One brokerage maintained its Buy (High Risk) rating, raising the target price to ₹14 from ₹10. The key catalyst for the telecom operator is the anticipated Supreme Court clarification on the government’s AGR (Adjusted Gross Revenue) relief package. A favourable outcome is expected to set in motion a series of positive events, potentially triggering a significant re-rating for the beleaguered company. This remains a high-risk, high-reward play dependent on regulatory and legal developments.

Central Depository Services (India) Ltd. (CDSL)

In a notable and rare call, a brokerage initiated coverage with a Sell rating and a target price of ₹1,400. The rationale is based on a perceived deceleration in its growth trajectory and, more importantly, elevated valuations that seem to be ‘pricing in perfection’. The report cited market cyclicality, potential regulatory changes, and rising competition from NSDL as key growth constraints, suggesting the current market price does not offer a favourable risk-reward balance.

Astral Ltd.

The pipes and adhesives company received a strong endorsement, with a brokerage maintaining a Buy call and a target price of ₹1,800. The company delivered exceptional 20.6% YoY plumbing volume growth, the highest in six quarters, even surpassing its competitor Supreme Industries. Robust performance was also seen in its Paints and Adhesives segments, with expanding margins in its UK business, indicating strong all-round execution.

Delhivery Ltd.

The logistics company was viewed with caution. A brokerage maintained its Underperform rating, though it raised the target price to ₹390 from ₹350. While e-commerce volumes provided some support, weak organic growth and margin pressure in its core Express Parcel and Part Truck Load segments were key concerns. The report also highlighted the persistent overhang from the trend of large e-commerce marketplaces insourcing their logistics, which poses a long-term threat to third-party players like Delhivery.

Indian Hotels Company Ltd.

The Tata Group’s hospitality arm saw a target price cut to ₹935 from ₹960, though the brokerage maintained its Buy rating. The results were described as ‘in-line but soft’, with flat revenue per available room (RevPAR) due to travel headwinds and hotel closures for renovation. However, the management’s guidance for double-digit revenue growth in FY26, banking on a stronger second half, provides a ray of hope.

TeamLease Services Ltd.

The staffing company received a Hold rating with a target price cut to ₹6,375 from ₹6,410. While the Q2 results were in line with expectations and the long-term growth outlook remains positive, the key concern is low cash flow conversion. The brokerage noted that low free cash flow generation could lead to frequent fund-raising, which can be dilutive for existing shareholders.


Final Word: An Investor’s Guide to Navigating the News Flow

Today’s brokerage reports paint a picture of a market rewarding strong execution and balance sheet discipline. The uniform bullishness on Adani Ports, Sun Pharma, and Paytm underscores confidence in their respective business models and growth strategies. Conversely, the market is also quick to penalize perceived risks, whether it’s leadership uncertainty at Grasim, valuation concerns at CDSL, or operational headwinds at Delhivery.

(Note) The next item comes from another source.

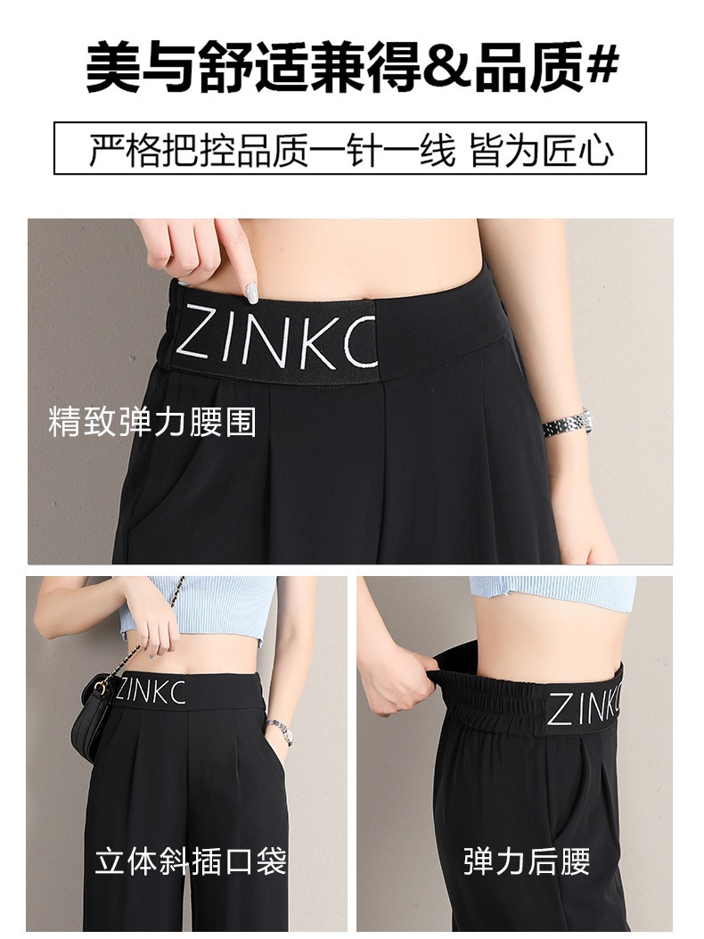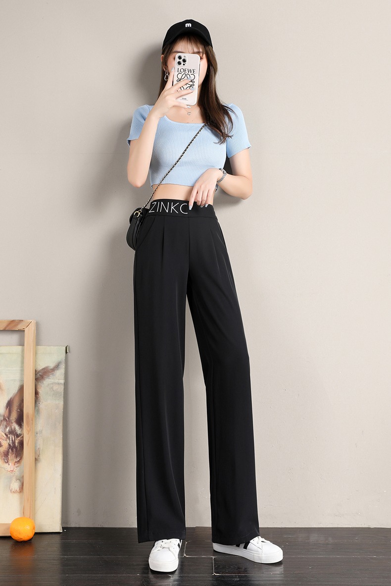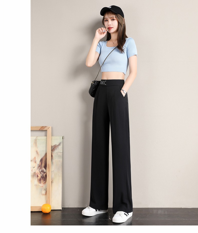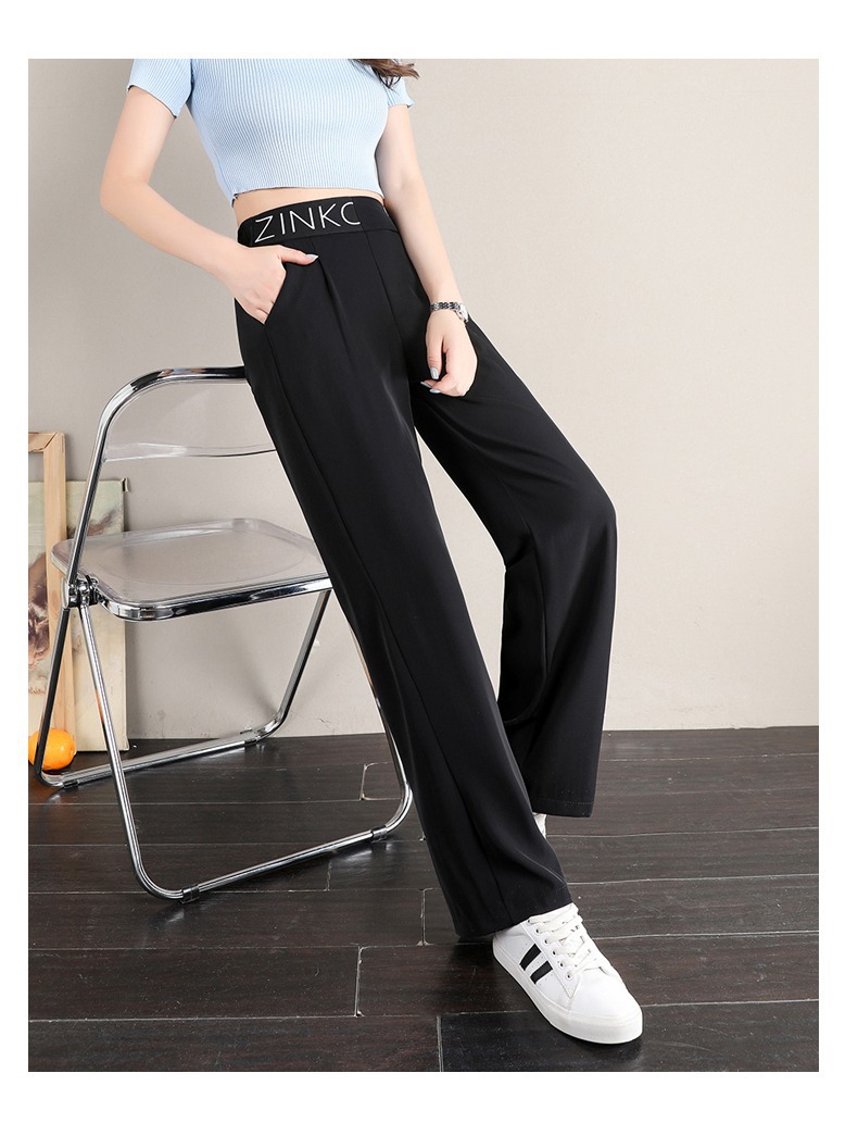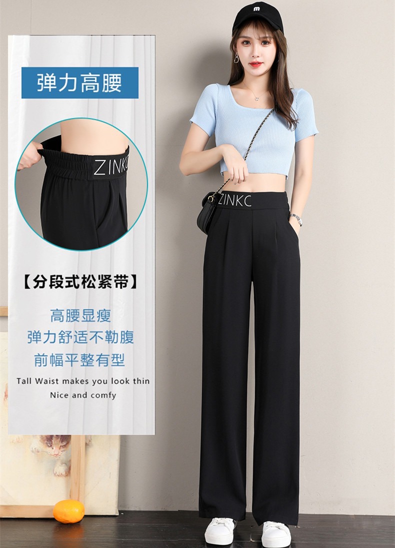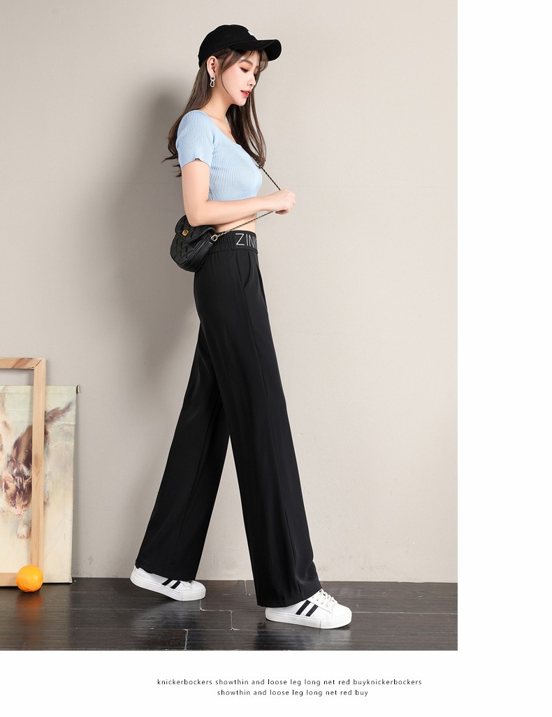 氷糸女装広脚ズボン春夏2024年新型直筒高腰ズボンの垂れ込み感がゆるいシンプルなスーツズボン

For Indian investors, these reports serve as a valuable tool for identifying trends and understanding the underlying drivers of stock performance. However, it is crucial to remember that target prices are projections, not guarantees. Investors should always supplement these expert opinions with their own research and due diligence, aligning their investment decisions with their personal financial goals and risk appetite.

Disclaimer: This article is for informational purposes only and should not be considered as investment advice. Please consult with a certified financial advisor before making any investment decisions.